Diverging diamond interchanges crisscross east- and west-bound lanes to allow cars to enter highways without turning left in front of oncoming traffic.
"The downside is it's something new," INDOT engineer Susan Doell told the Star. "People are going to have to get used to it."
The design is safer than a more traditional cloverleaf-style interchange because there is a "lack of weaving and (a) big differential of speeds between the loop ramps and the through traffic," Gilbert Chlewicki, a Maryland engineer, told the Star. There are also signals that control traffic at both points where the lanes cross.
The interchanges would be the first of their kind in Indiana, but seven other states so far have built them. States that have adopted the diverging diamond design have saved millions of dollars. The design is more compact than traditional cloverleaf interchanges and tends to be cheaper.
Diverging diamond interchanges have also been proven to reduce crashes in some areas. A study shows that in St. Louis, the diverging diamond interchange showed a 38 percent drop in crashes with no wrong-way crashes.

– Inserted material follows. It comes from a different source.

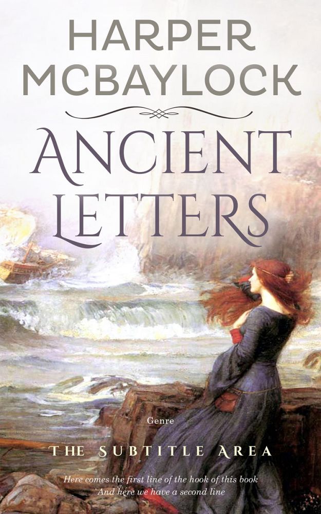 This book cover has 2 lines for the title, 1 line for the subtitle, 2 lines for the author, 2 lines for the hook, and finally 1 line for the genre.
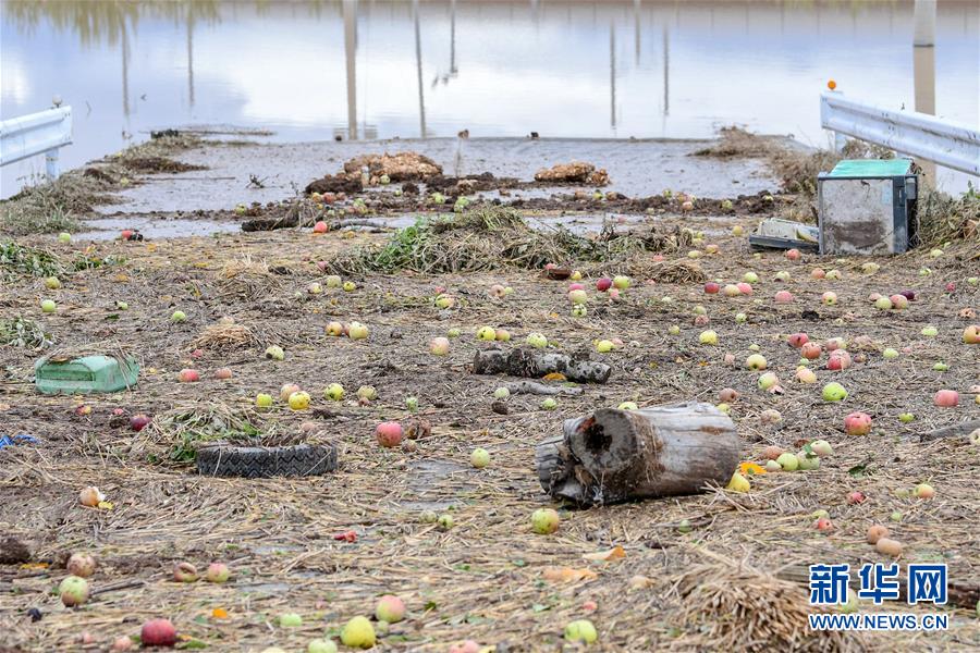 10月14日,在日本長野市,千曲川決堤后,水流侵襲了附近的蘋果樹。受縱貫東日本強臺風“海貝思”帶來的強降雨影響,日本多地暴發(fā)洪災,已造成33人死亡、19人失蹤。據(jù)日本共同社13日統(tǒng)計,“海貝思”過境導致日本多處河流泛濫,目前有21條河流決堤24處。其中,流經(jīng)長野縣的千曲川決堤,造成長野市和千曲市大范圍被淹,大片住宅區(qū)被洪水包圍,有的房屋甚至被淹至2層。新華社記者華義攝

Officials in Springfield, Mo., say the design reduced crashes by 50 percent at the city's two diverted diamond interchanges.
A diverging diamond design in Greenwood could save taxpayers $3 million when compared to more traditional designs. Savings in Fort Wayne would range from an estimated $3 million to $6 million.
The state Department of Transportation will hold public meetings to get feedback before deciding whether to adopt the new designs. If the interchange proposals are approved, the new interchanges could open by 2014.